Joining Predator: Badlands, Edgar Wright and Glen Powell’sThe Running Man officially collapsed at the box office this weekend.
The Monday actuals are in, and the remake opened to a disastrous $16.5 million, missing even the already-low estimates of $17M.
International numbers were just as weak with a terrible $11.2 million debut, bringing the worldwide opening to $27.7 million, an embarrassing result for a movie that cost $110 million and needs around $275 million to break even.
This is Hollywood’s latest big-budget faceplant, and no amount of spin makes it look better.
It was less. RUNNING MAN made $16.5M in its opening weekend, now that the actual numbers are in. ($21.0 for Now You See Me.) https://t.co/kyKjTHeIVN
— Borys Kit (@Borys_Kit) November 17, 2025

Deadline Blames Covid and David Ellison — Seriously?
Instead of admitting the obvious — the movie is bad — Deadline ran a piece blaming everything except the film itself.
In a post strikes-COVID theatrical landscape where everyone is still trying to figure out what works, along comes Paramount‘s $110 million reboot 'The Running Man' starring Glen Powell.
— Deadline (@DEADLINE) November 17, 2025
But why did ‘The Running Man’ fall down at the box office?https://t.co/yx8a3TlNXH
According to their report, The Running Man fell because of:
- Covid
- A post-strike landscape
- A leadership change at Paramount under David Ellison
- Marketing department limbo
It reads like a checklist of excuses to avoid acknowledging the core issue: audiences didn’t want the movie because the movie didn’t deliver.
Covid didn’t write the bad dialogue. David Ellison didn’t film the goofy towel scene that didn’t bring in female viewers. A marketing department shift didn’t make the villains boring or the script flat.
As we said in our review, “The Running Man 2025 just isn’t a fun movie at all.” That’s why people skipped it. This version doesn’t even come close to the Arnold Schwarzenegger film.

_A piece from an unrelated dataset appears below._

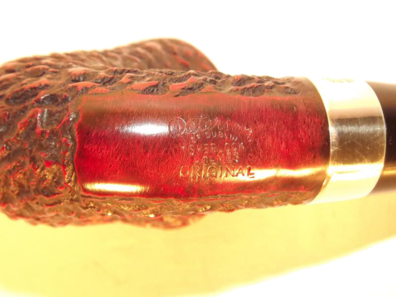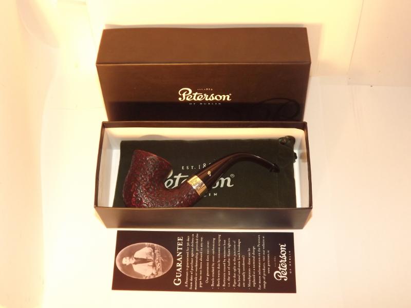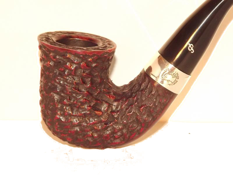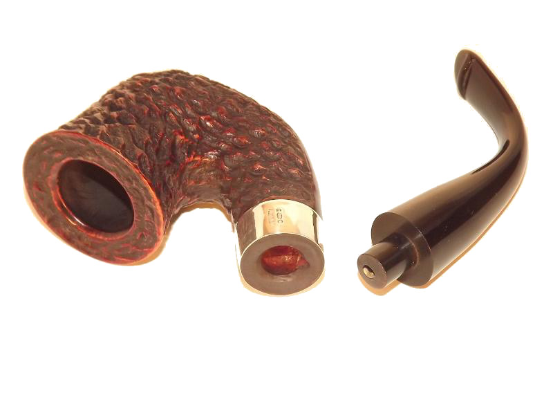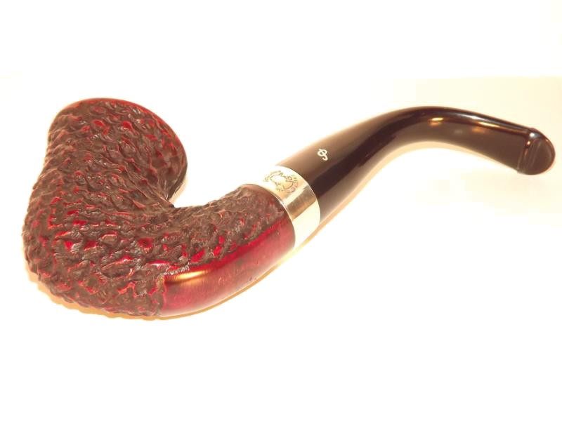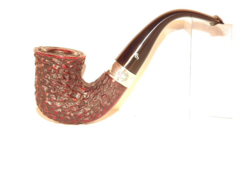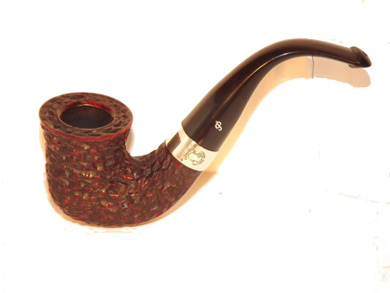 A Peterson Sherlock Holmes Original Rustic bruyereből készült, rusztikolt pipafejjel, hajlított szárral, melyet egy szép Sterling-ezüst gyűrű díszít. Filter nélküli, fekete P-lip szopókával.

The Real Reason It Bombed: The Movie Isn’t Good
The remake didn’t connect with audiences the way the Schwarzenegger classic did.
It wasn’t exciting, it wasn’t fun, and it didn’t offer anything fresh. It tried to sell a “modern audience” message instead of delivering entertainment, and the audience response proves that approach doesn’t work.

A Brutal Start With No Recovery in Sight
With a $16.5M domestic opening and $27.7M worldwide total, The Running Man is dead on arrival. Even with strong legs (which it won’t have), there’s no path to profitability.
This isn’t a Covid problem. It isn’t an Ellison problem. It’s a quality problem.
Audiences voted with their wallets, and the message is clear: this remake didn’t run, it tripped out of the gate.